A Better Life Begins With Clarity

“Talent hits a target no one else can hit; Genius hits a target no one else can see.”

~ Arthur Schopenhauer

20-year-old Bobby Fischer played Grandmaster Donald Byrne in chess in 1963. After nearly symmetrical play from the two players, Fischer sacrificed his knight for a pawn. Two grandmasters covering the game said that Fischer’s mistake would give Byrne the win. They were wrong. Fischer’s tactical sacrifice opened up a devastating attack on Byrne, who resigned 11 moves later.

a boy playing chess
Photo by Vlada Karpovich on Pexels.com

Fischer was an all-time great at chess because he saw opportunities that others couldn’t see. His clarity came from a superior understanding of the game. Applied to us, how might we gain the same level of clarity for our lives?

Clarity: A Timeless Attribute, A Modern Challenge

Clarity is derived from the word “clear,” which means having or feeling no doubt or confusion; unambiguous. 

One of the great challenges of life is simply knowing what to do. It’s not like we’re given step-by-step directions on how to live our lives each moment. This is especially obvious after big accomplishments, when we realize that life goes on. At the top of the mountain: “Oh, I guess I need to climb down now.”

We have to make a lot of decisions to make every day. We also have access to a lot of information about different ways to live and countless opportunities around us, and much of it conflicts. Information overload and unlimited options can turn anyone passive if they’re not careful.

When you have no clear objective, it’s easy to “succeed,” because anything qualifies. Facebook browsing, texting, entertainment, eating for pleasure, and sleeping in are all “successful activities” for a person without aim.  

Gaining clarity, however, is worth the effort. The best things in my life have come from having clear objectives: pursuing mini habits, my book and video course projects, my weekly newsletter, and traveling, to name a few. 

“Clarity affords focus.”

– Thomas Leonard

The internet and its drastic increase of both distractions and opportunities have made clarity considerably more difficult to maintain. Here is a simple question you can ask yourself to fight back and maintain clarity!

A Question to Ask Yourself

“What’s my current objective?”

This question is so good because it flexes to your needs in the moment. Upon hearing this question, you might ask or wonder, “Do I mean in this moment, in this day, in this week, or in the next 10 years?” The answer is YES. It includes all of those, but they won’t all apply at the same time. Your current context and frame of mind will guide you to the correct frame for this question.

Example: You have solid fitness habits, stable finances, and healthy relationships.

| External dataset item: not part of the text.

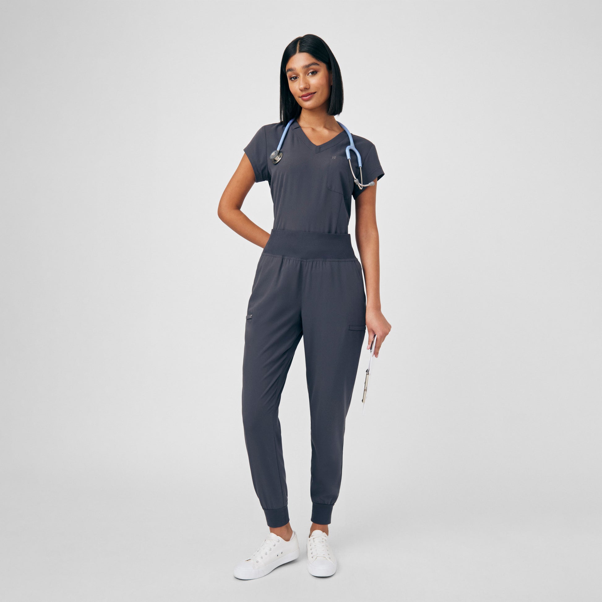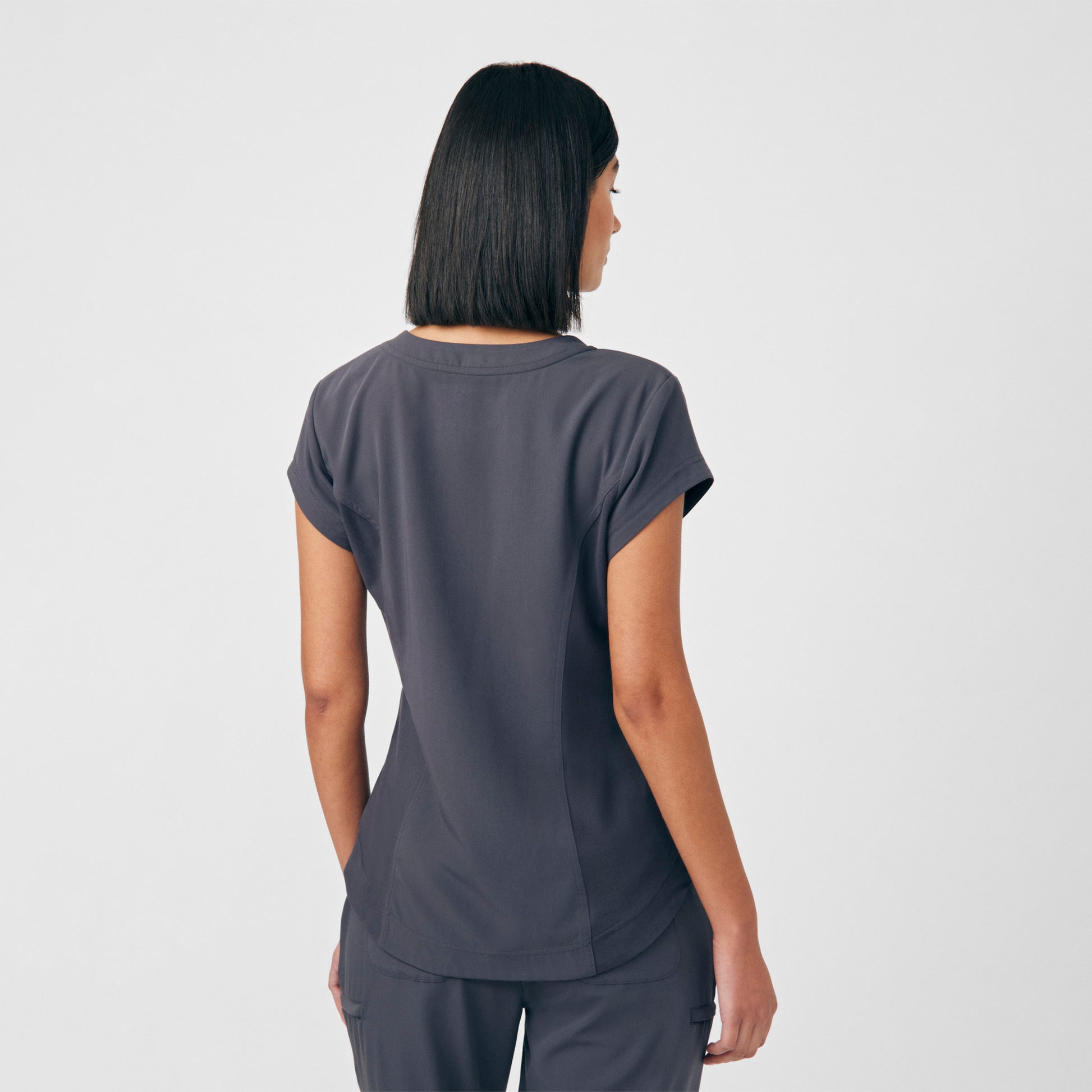 This Modern Fit v-neck top offers a tailored fit with front princess darts and back princess seams. Features a single chest pocket and shirttail hem for an easy tuck-in option. Cap sleeves and back side knit panels offer easy movement and added comfort.

Good job! What’s your current objective?

Given the stability of your situation, you might be inclined to keep it going, or plan to expand into other areas of interest like new hobbies, taking your health and fitness to the next level, or investing to prepare for retirement.

In other situations, you might be inclined to address short-term needs like where you want to travel next (and how you’ll arrange it), how to improve your diet, or finding a babysitter for Saturday. In yet other situations, like being on vacation, your obvious answer might be to simply relax.

Having clarity means knowing your current objective(s) at all times.

Watching TV is a valid objective, too. This isn’t a push to turn you into a productive and perfect workbot. This is a reminder that living life with purpose and doing things for specific reasons always beats floating from activity to activity without taking a moment to think about what you’re doing and why you’re doing it.

If you decide that you are going to binge watch an entire season of Game of Thrones in one day… good! That’s an intentional choice to relax, take a day off, and recharge. It probably comes from clarity that you need or want a break. But if you end up doing it from boredom… not so good! That’s a passive, shame-inducing, and life-avoiding non-decision. 

How can you tell the difference? One way to know if you’re being intentional with clarity or drifting is that intentional people tend to think like a chess player—at least 3 steps ahead and with integration. Like a good chess player, an intentional person who desires clarity will have plans. Thus, each move you make will make sense in the context of your larger plans.

When you decide to binge Game of Thrones, have at least a barebones idea of why you need or deserve it and what you’re doing the next day. Bingeing Game of Thrones is fine if it’s a part of a larger plan. Remember, Bobby Fischer only sacrificed his knight because it was necessary to execute his larger plan to attack Byrne’s king. Otherwise, he wouldn’t trade the more valuable knight for a mere pawn. In the same way, bingeing a TV show isn’t as fulfilling or important as working on something meaningful, but it might be a helpful or even necessary part of your plan if you need the break!

The big takeaway: All good things start with clarity. I won’t say it’s easy to gain clarity, but it is pretty straightforward and worth spending time and energy to figure it out. Without clarity, you’re a leaf in the wind. With clarity, you’re powerful. Be powerful. Get clear on who you want to be, what you want to do, and how you intend to make it happen. 

Write your thoughts down. Brainstorm ideas on a dry erase board. Sit on your couch and think for a few hours. Do whatever it takes to gain clarity, because that’s where a better life begins.